Code
This page compiles some software projects, code snippets and scripts that I have programmed and that might be of interest to browse. You may also check my GitHub account.
Ants
Ant foraging simulation coded in JavaScript. The ants have been implemented following a state machine, where they first perform a random walk and then they fetch food indefinitely. The foraging behaviour is cast as a biologically-inspired search algorithm for an optimisation procedure, considering that the objective is a cost function to be minimised. You may check out its demo and review its source code.
TwitterScraper.js
Script bundle to build a text corpus based on tweet IDs. Given a corpus of tweet IDs in XML (a la SEPLN TASS), the twitterScraper.js extracts the tagged IDs and queries Twitter in order to obtain the body of the text. It is coded in the JavaScript programming language (plus Node.js with jQuery and xml2js modules). You may review its source code.
NLP-Tools
Text processing framework (mainly based on classification) to analyse Natural Language by performing operations and tasks on corpus data. Hence, this approach focuses on the statistical/quantitative track of Natural Language Processing (NLP). It is coded in the PHP programming language.

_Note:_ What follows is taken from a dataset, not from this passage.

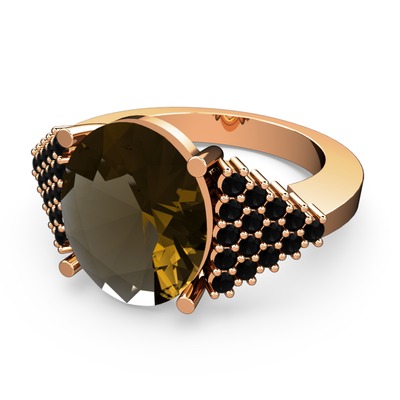 Dumanlı kuvars ve siyah zirkon 14 ayar rose altın yüzük

You may check its website, its demos, its RESTful API service and/or review its source code.
L-system
Parallel string rewriting system, namely a variant of a formal grammar (both deterministic and stochastic grammars are allowed), most famously used to model the growth processes of plant development. A Logo code interpreter is used for its graphical representation. It is coded in the C/C++ programming language. You may check its release announcement, its docs and/or download the source code distribution tarball.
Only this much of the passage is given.